では何故そのような国民性が育まれるのかというと、それは幼少期からの教育が功を奏していると考えられた。なので、日本人妻であるミナに助言を受けたり、日本に研修に行ったりして、日本の学校教育、家庭での情操教育、道徳教育などを取り込んでいるようだ。勿論、他国の良い点も盛り込んでいる。
「日本には給食と言う制度があります。給食があれば、家で食事を貰えないような環境の子どもでも、お腹いっぱいご飯を食べることが出来ます。また、掃除の時間と言うのもあります。全ての授業が終わった後、生徒全員で学校を掃除します。自分で掃除したところを汚されては嫌ですから、清潔を保とうという意識が芽生えます。また、人に迷惑を掛けてはいけない、自分がされて嫌な事は、人にしてはいけないと幼少期から教えます。刷り込みと言っては聞こえが悪いですが、幼少期の道徳教育は、その後の人格形成に強い影響を与えます」
「なるほど……よくできたシステムですね」
「技術力とシステム化について、日本の右に出る国はありませんね。私も色々と試してみましたが、ある程度規律を守らせた方が、結果的には合理的でした」
そう言ってアンジェロが視線を送る先では、子どもたちがトレーを持って、給食係の列に並んでいる。誰も押したり割り込んだりせず、お喋りもせずきちんと整列していた。
ふと、一人の生徒がアンジェロとセルヴィ達に気付いた。
「こんにちは」
その生徒の声で、他の生徒も気付く。
「あっ、理事長先生だ」
「こんにちは!」
「お客さんだ」
「こんにちはー!」
数十名の生徒から、一斉に挨拶を受けて圧倒される。普通なら客が来たところでスルーするのが当たり前なのだが、これが日本式教育の賜物だろうか。
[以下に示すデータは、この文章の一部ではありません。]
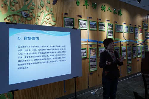 胡老师首先给老师们简单介绍了压花艺术,让大家对这门技艺有基本的认识,然后便指导大家进入实际操作环节。
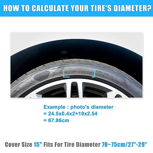 Packing Includes: 1 pcs Tire Covers. Note: Before purchasing the product, please measure the tire diameter to see if it fits the size of the tire cover.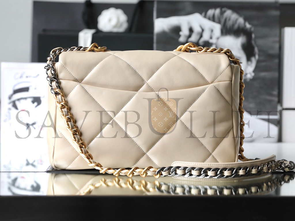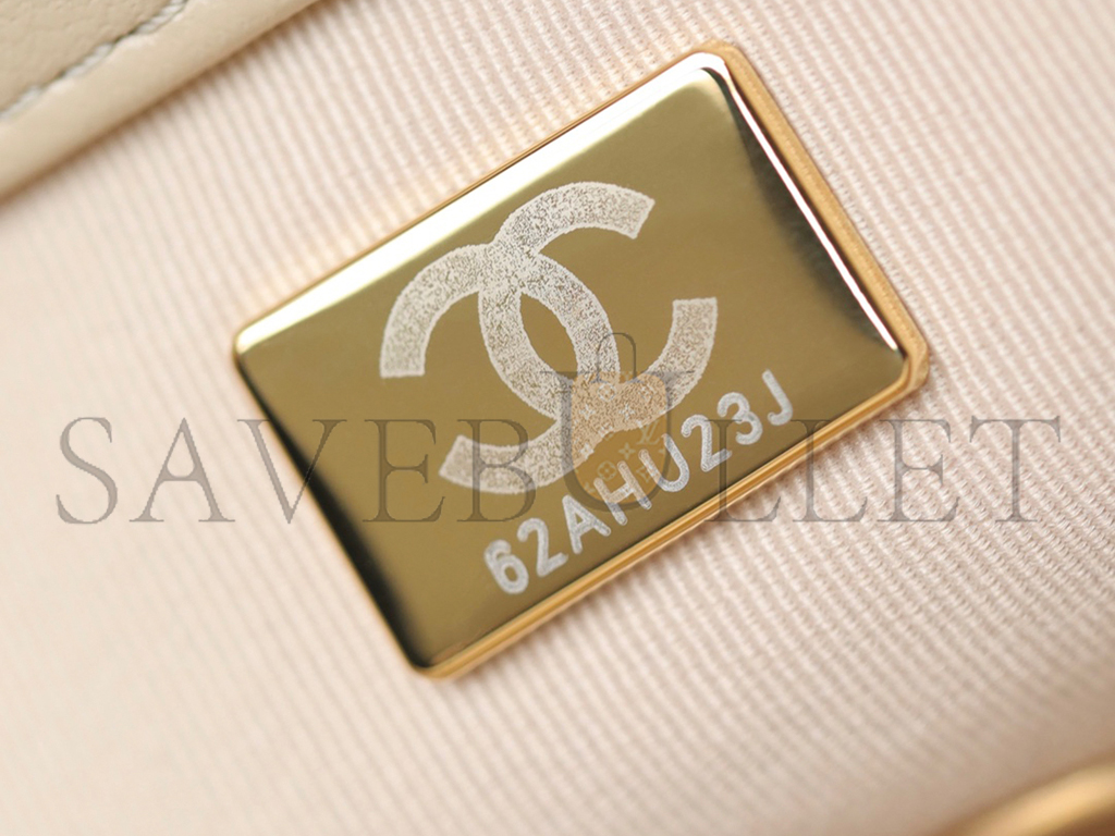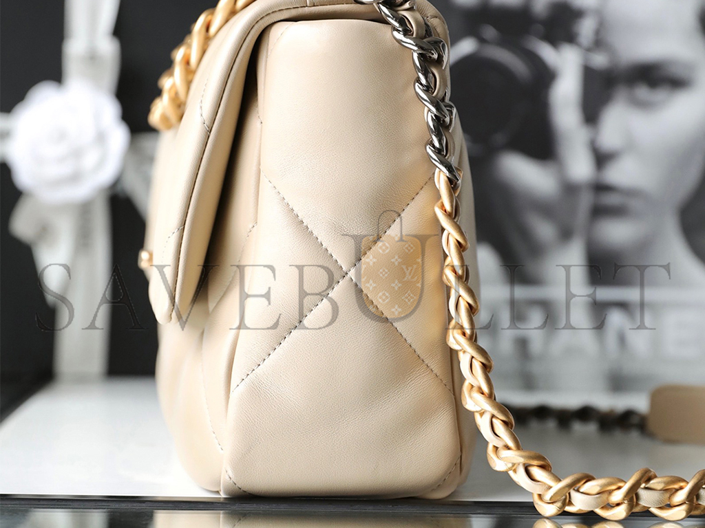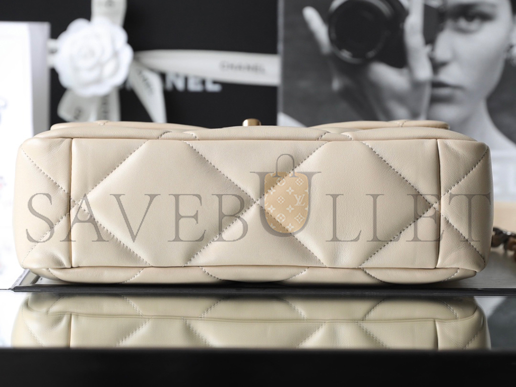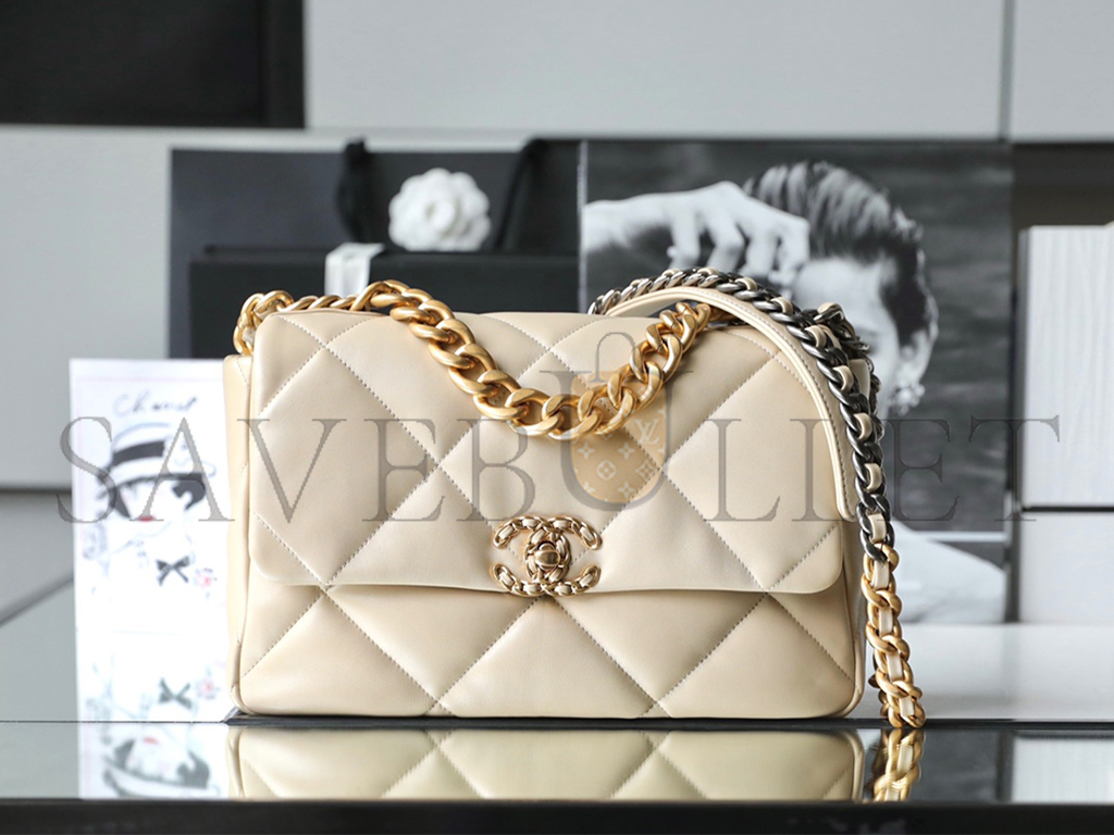 CHANEL MASTER GOATSKIN QUILTED MEDIUM CHANEL 19 FLAP BEIGE (26*16*9cm)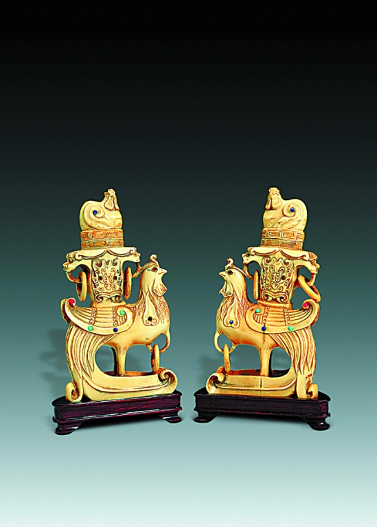 清 象牙雕天鸡驮宝瓶(一对) 14cm.H
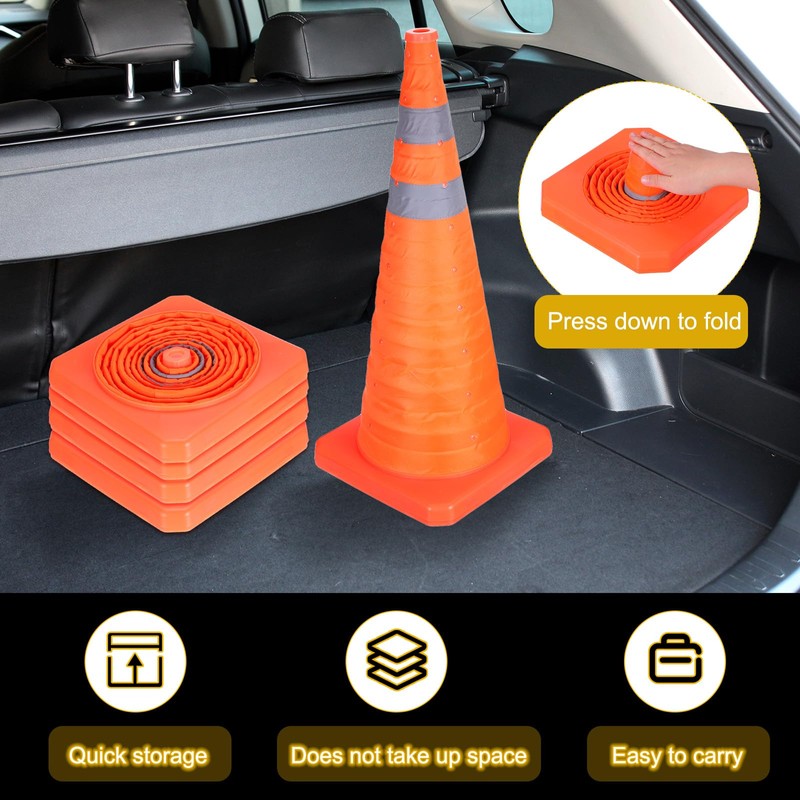 Designed for high visibility, each cone features 360-degree reflective strips and a bright orange color, making them easily noticeable both day and night, even from a distance.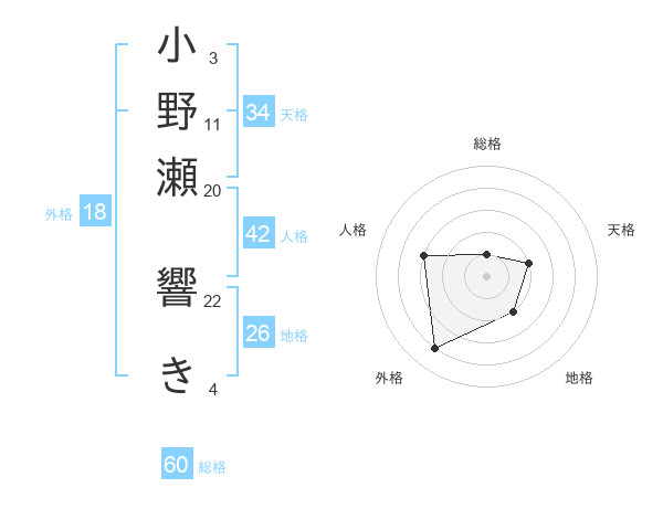 小野瀬 響きさんを姓名の画数から五運を鑑定

セルヴィが圧倒されている間に、アルヴィンが教室に入り、子どもの列を覗き込んでいた。
「こんにちは。美味しそうだね」
「うん! 今日はオムレツ!」
「あとチキンカレー!」
「オレ絶対おかわりするんだ!」
「わたしも!」
子どもたちは給食を楽しみにしているようで、まだ食べてもいないのに、既におかわり戦争が勃発している。子どもたちがやいのやいの言うので、アンジェロが割って入った。
「こら、お客様の前でみっともない事でケンカするな。あと配膳台の前で喋るな。食缶に唾入ったら汚ねぇだろ」
子どもたちの顔には「ヤベ、理事長先生が怒った」と書いてある。すぐに子どもたちはしおらしくなって、列に戻った。これにはアルヴィンも苦笑してしまった。
「ごめんね、俺が話しかけたせいで怒られちゃったね。理事長先生、今日は俺に免じてこの子達は許してあげてください」
「ええ」
二人で笑って子どもたちを見て、子どもがアンジェロを見つめている。それにアンジェロも笑い返した。
「怒って悪かった。でも今度からは気をつけろよ。ちゃんとおかわりはあるから、ケンカするなよ。みんなで仲良く分けるんだぞ」
「はーい!」
子どもたちが元気よく返事をしたのを見届けて、セルヴィ達も教室から出ていった。
なんだか素直でいい子たちだ。自分も子どもの頃はあんなに素直だっただろうかと考えると、やや疑問だ。セルヴィは移民なので、両親の祖国にちなんだ教育を施されたが、そのせいかギリシャ人とソリが合わないこともあった。勿論最初から差別的な扱いをされたせいもあるが、ある程度仲良くなった相手ですら、「うーん……」と思う事は多々あった。
ギリシャ人の性格といえば、とにかく陽気で人懐っこくて、いつもしゃべりまくっている。親切で愛情深く、心が温かい。
あらゆる物事を大げさに話し、しゃべらない人は嫌われる。さらには、ギリシャ神話など歴史的な遺産が多いせいか、この世界の中心は自分だと考えている。
また、約束に対しては非常にルーズであり、時間は全く守らない。極めつけは、ギリシャでは嘘をつくことは、そんなに悪いこととは考えられていないので、
非常に気軽に嘘をつく。何か問題が起こったら口先で解決しようとするので、呼吸するように嘘をつきまくる。
そこまで考えて、セルヴィはちょっと気が遠くなる。
(これはダメだ。ギリシャ人、本当にクズだ……教育改革必須)
アルヴィンも(彼はローマ人だが)似たような事を考えていたようで、二人は教育改革について、その後アンジェロに熱心に指導してもらった。